The Broken Beads
by Harry Kline
Trafford Publishing

"I'm sorry the necklace broke and I'm afraid a couple of the beads are broken. I think I stepped on them."

Kline eases his readers into a story about the Vietnam War told from a different perspective than the one normally encountered. Rather than being a strictly historical account of events or a glossed over account of personal American experience, this book tells the story of the war by the people who survived it and wanted nothing more than to simply recover their lives as they were before the war began.

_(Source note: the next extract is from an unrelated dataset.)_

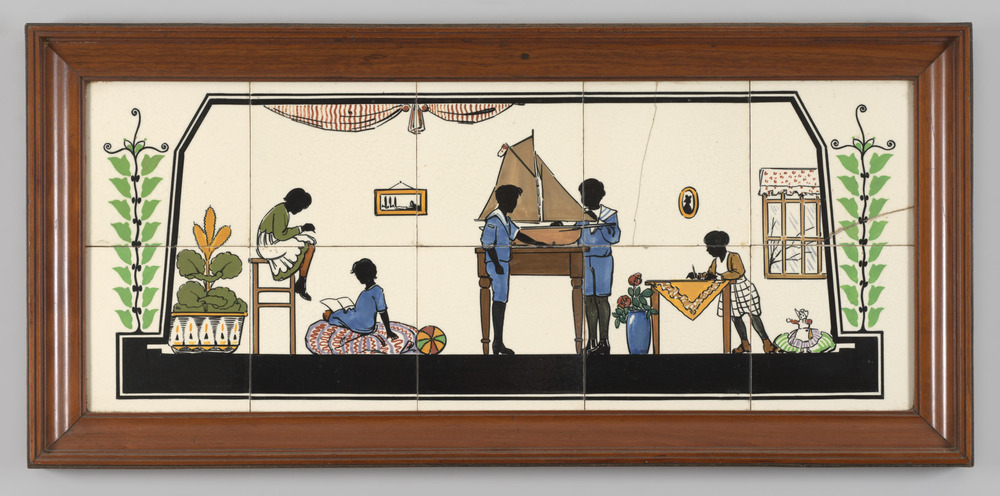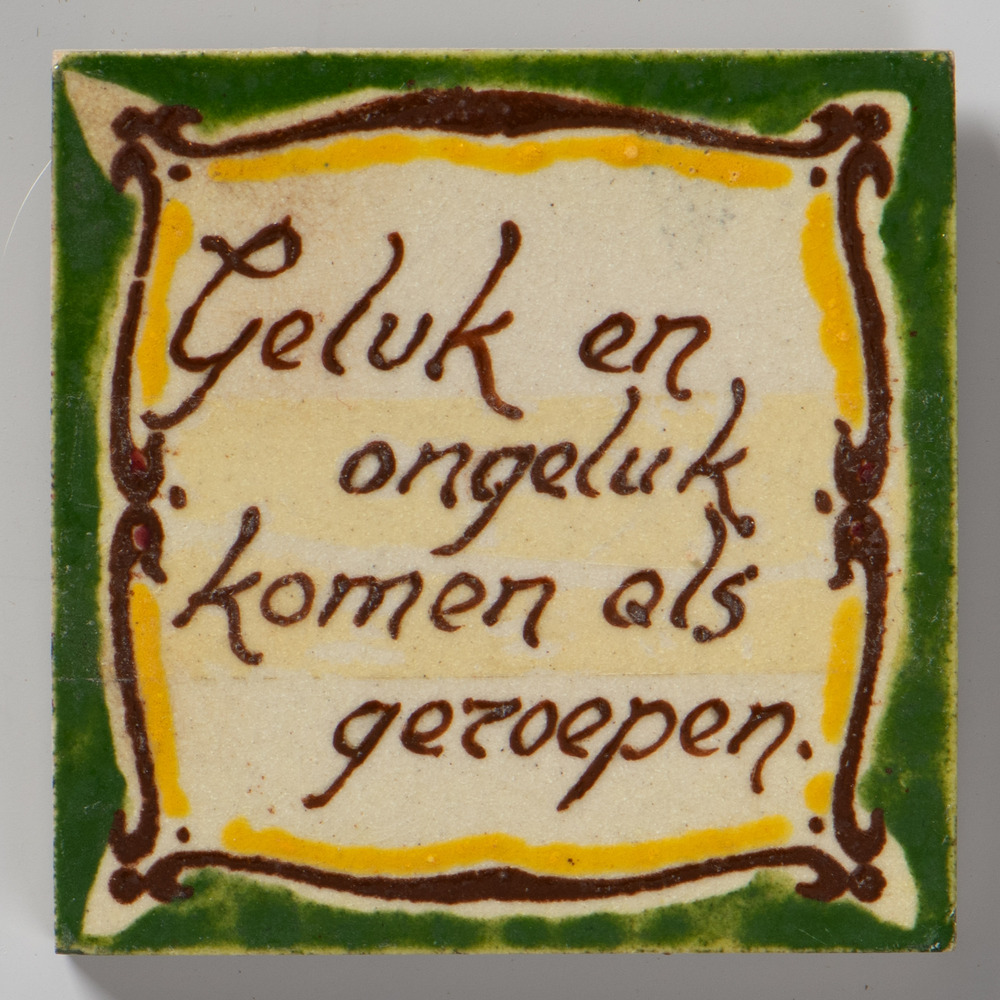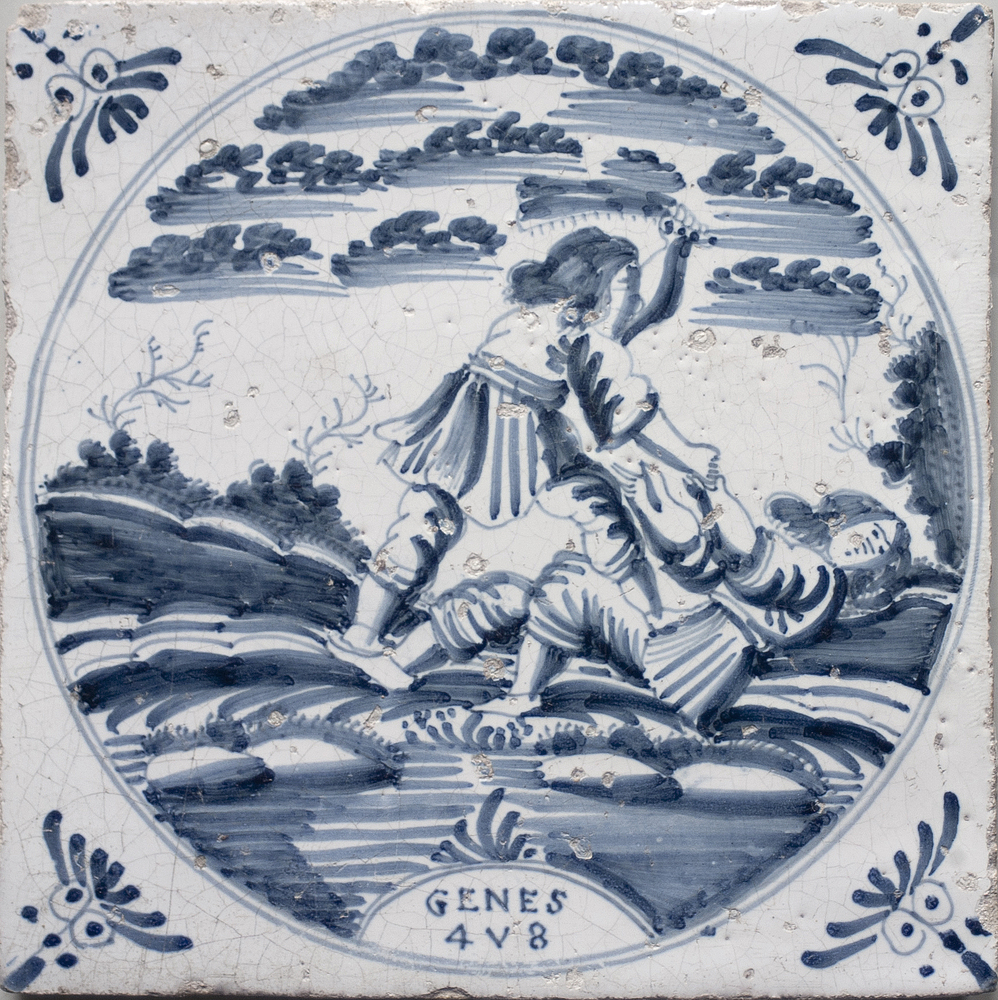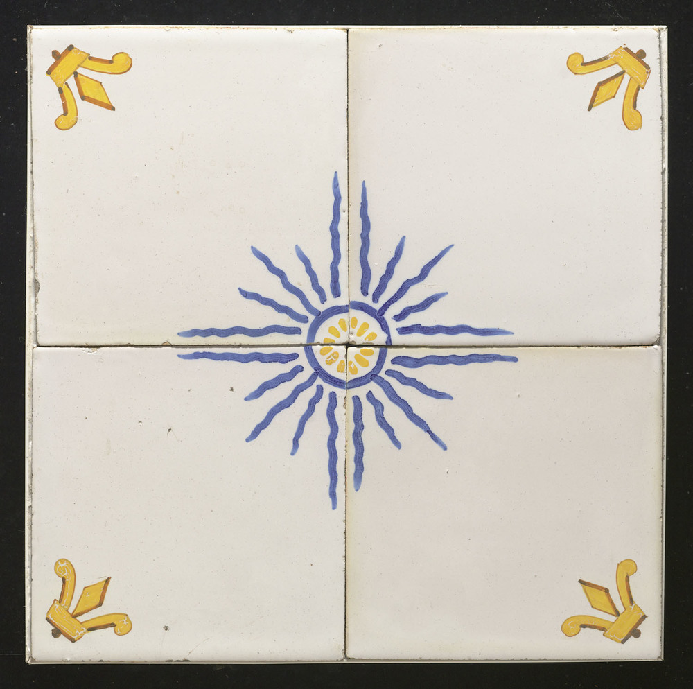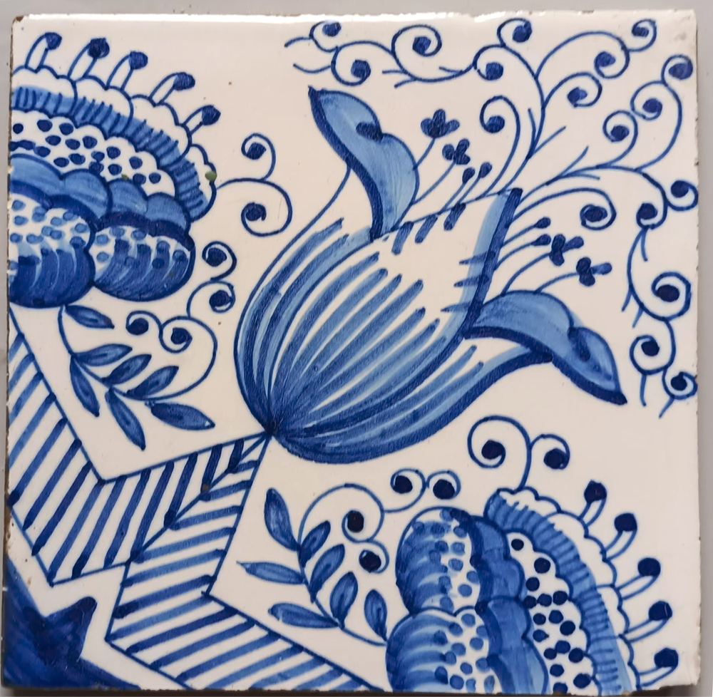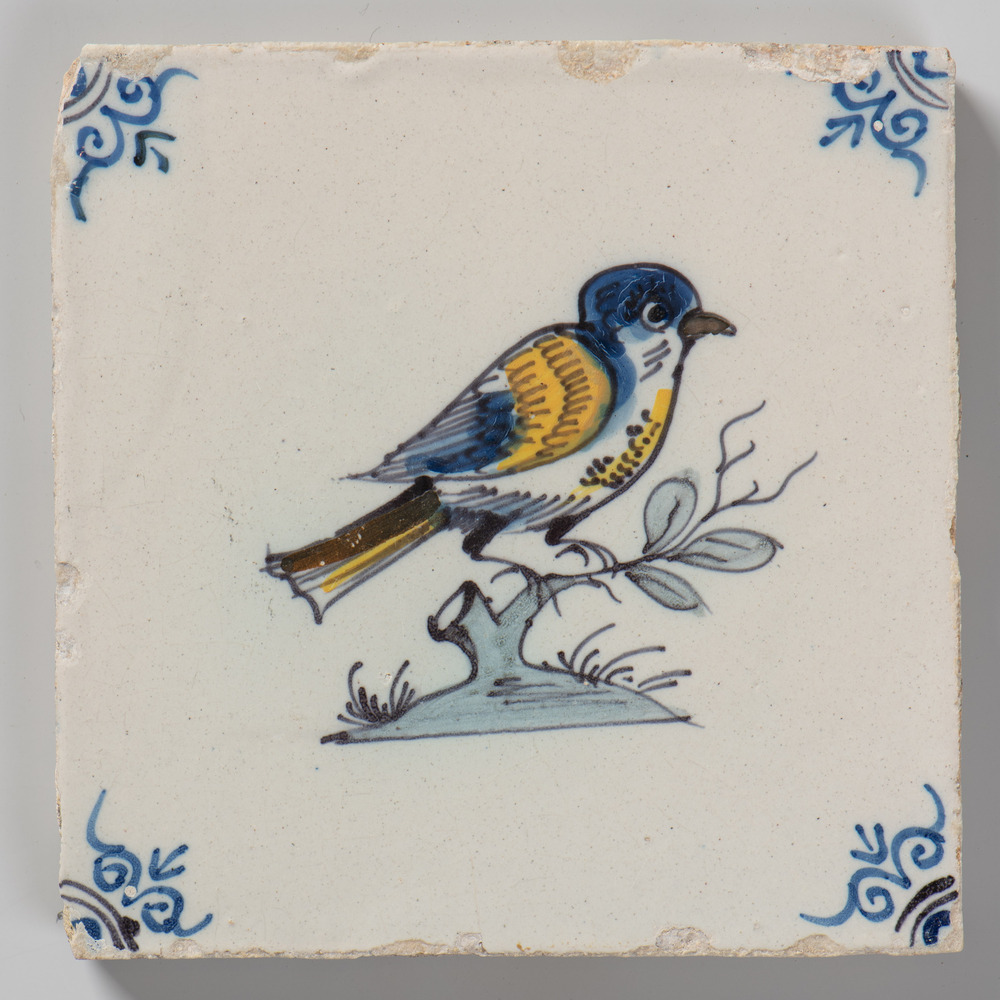 Tegel van keramiek met tinglazuur, voorstellende: or...

Written in a relatively sparse style, the book delivers the beauty of the simple lifestyle enjoyed by the Vietnamese people prior to their being labeled as Vietnamese. Beginning in a time before Western history chooses to discuss, the story skips through the founding of a specific family line that brought two very different peoples to a shared region, weaving a spell on the reader that compels them to complete the book. As these people struggle against one and then another occupying force, Kline shows their resilience, their independent spirit, and the love of their community as they work for and support each other.

Bringing the story up into more modern times, he allows his reader to settle on a single group as a means of demonstrating both the peace and resistance of the people under "normal" occupation and how that differed from the destructive elements of the American occupation in the 1960s and 70s. Not only was this force permanently destructive to the Vietnamese regions, but also to the individuals within the nation, and to those who fought, survived, and returned to American soil.